Слава, видимо, не был готов к выступлению, но природный дар выкручиваться из любых ситуаций подсказал, что надо взять нейтральную тему. Ссориться он, как я потом понял, ни с кем не хотел. Он что-то пролепетал о том, что надо больше радоваться жизни во всех ее проявлениях, беречь экологию, упомянул о задачах природоохранных ведомств. И прочитал небольшое стихотворение:
Иду, флюиды я ловлю,
Свои вокруг распространяю,
Земля, как я тебя люблю,
Порой ты даже и не знаешь.
Я поглощаю кислород
Без всякой, я скажу, корысти,
Взамен даю я углерод –
Дышали чтоб трава и листья.
В больших объемах воду пью,
Но тоже ведь не меркантильно,
Ее сполна я отдаю
И регулярно, и обильно.
От первого столика послышалась ехидная реплика одного из подпевал:
– Так мы то же самое делаем, может, даже качественней и в больших объемах.
По залу прокатился смешок. Снетков пренебрежительно посмотрел на Славу. Тот уже с виноватым видом сел, как бы показывая – накладочка вышла. Василь взглянул на меня, я отрицательно мотнул головой, дескать, не готов.
В это время вечно второй встал, поблагодарил Лохнесского за приглашение на встречу с творческой интеллигенцией, сославшись на дела, предложил продолжить без него и покинул зал.
– Умение вовремя слинять освобождает от ударов и пинков, – вполголоса резюмировал Снетков и решительно продолжил: – Товарищи, долгими речами мы вас мучить не будем, представлять вам его не надо, вы все его и так знаете. Юра, – негромко обратился он к Гвоздеву, – выдай-ка что-нибудь.
Во взгляде Лохнесского легко читалось: „Эх, жаль, не те времена, я бы тебе слово дал!“
Но Юра уже встал и начал:
– Стихотворение называется „Прорвемся“.
Какая к черту перестройка?
Какой там к дьяволу застой?
Идет российская попойка
И всесоюзный мордобой!
Чего мы, братцы, разгулялись?
Чего на митингах орем?
Вчера с соседом лобызались,
Ну а сегодня морду бьем!
С чего мы все такие стали?
С чего вдруг так на нас нашло?
Как будто бы не то сожрали
И нас чего-то понесло!
А может, дух противоречий,
А может, планов всех размах
Вдруг принесли нам всем увечье
И сдвиг в разреженных мозгах?
Потопом, может, все исправить?
Геенной, что огнем палит?
Навряд ли – мы умеем плавать,
И шкура наша не горит!
Снетков зааплодировал, Светка и я тоже. Нас поддержал и соседний столик. Видимо, за столиками, ближними к руководству, затаились и ждали оценки от руководящего стола. Один из боевых подпевал все-таки задал вопрос:
– Молодой человек, а что конкретно вы имели в виду?
Юра пожал плечами:
– Да, собственно, только одно – прорвемся!

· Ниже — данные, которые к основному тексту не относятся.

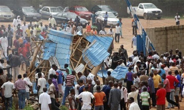 | Người dân Nigeria tụ tập bên ngoài một nhà thờ bị đánh bom hôm 17/6. (Ảnh: AP) |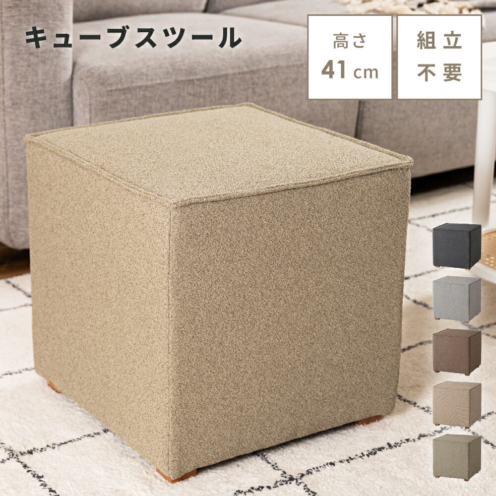 お買い物の前に ≫ よくあるご質問 ≫ 商品説明 ●使い勝手のいいシンプルなキューブ型スツール ●ローテーブルと合わせやすい高さ41cm リビングで快適にお使いいただける高さ設計です。 シンプルなキューブ型だから、リビングでも圧迫感が少なく、ぴったりくっつけて並べることができます。 ●座りやすい40×40cmの座面 座面は40×40cmとちょうどいいサイズ感になっています。 お部屋に馴染みやすい正方形デザインで、お好きな向きで設置できます。 ●さらっとしたファブリック生地 夏はべたつきにくく、冬はヒヤッとしにくいファブリック生地を使用しています。 オールシーズン快適で、耐久性があり、シワや型崩れに強いところも特徴的です。 メーカー希望小売価格はメーカーカタログに基づいて掲載していますページトップ スペック 商品詳細 サイズ: 幅40×奥行40×高さ41cm 材 質: 合板/ポリエステル/天然木(アッシュ)/ラッカー塗装 組 立: 組み立て不要 重 量: 約4.5kg 静的耐荷重: 約80kg 送 料:送料無料 ※北海道・沖縄・離島へのお届けは別途送料が加算されます。 検索キーワード: スツール キューブ キューブスツール スクエア 椅子 イス いす 四角 オットマン サイドテーブル リビング 玄関 寝室 クッション 軽量 軽い 北欧 ナチュラル シンプル ニュアンスカラー ダークグレー グレー 茶色 ベージュ カーキ アースカラー ●使い勝手のいいシンプルなキューブ型スツール ●ローテーブルと合わせやすい高さ41cm リビングで快適にお使いいただける高さ設計です。 シンプルなキューブ型だから、リビングでも圧迫感が少なく、ぴったりくっつけて並べることができます。 ●座りやすい40×40cmの座面 座面は40×40cmとちょうどいいサイズ感になっています。 お部屋に馴染みやすい正方形デザインで、お好きな向きで設置できます。 ●さらっとしたファブリック生地 夏はべたつきにくく、冬はヒヤッとしにくいファブリック生地を使用しています。 オールシーズン快適で、耐久性があり、シワや型崩れに強いところも特徴的です。

РАБОЧИЕ БУДНИ С ПРИЛОЖЕНИЕМ
Жизнь продолжалась, люди медленно стали осознавать, что государство, то в котором они живут, оказывается не такой уж и гарант их существования. Основная масса населения находилась в полной растерянности. Выставлять государству свои претензии и требования после десятилетий молчаливого повиновения сознание людей полностью исключало. Общество начало делиться на тех, кто надеялся на чудо, и тех, кто предпочитал надеяться на себя.
Еще в застойные времена, чтобы отвлечь городское население от ненужных мыслей, стали организовывать мелкие и крупные садоводческие товарищества. Каждому члену-товарищу выделялся участок в шесть соток. А чтобы было совсем не скучно, земли давались болотистые, труднодоступные и у черта на куличках. Но все недостатки скрашивали названия: „Мечта“, „Магистраль“, „Малиновка“ и т. п.
Народ с большим энтузиазмом начал строить „дачи“ и городить огороды в ущерб основному производству. С огромным усердием он тащил с работы все, что могло пригодиться в личном хозяйстве.
Как строителя меня особо обескураживало, что под свои времянки садоводы грохали бетонный фундамент, который мог бы выдержать даже четырехэтажное кирпичное строение. Короче, если взять по всей нашей стране, то эти „целинники“ закопали в землю не один годовой план по производству цемента. Это я к тому, как нас вели к светлому будущему и куда что подевалось.
В связи с переходом на рыночную экономику нашему ПМК было разрешено оказывать платные услуги населению. Имея приличный парк техники – самосвалы, автокраны, экскаваторы и бульдозеры, мы держались на плаву. От частных заказов в весенне-летний период не было отбоя. Сэкономленные на продуктах и товарах деньги население пускало на развитие личного подсобного хозяйства. Садоводческие товарищества стали нашими заказчиками.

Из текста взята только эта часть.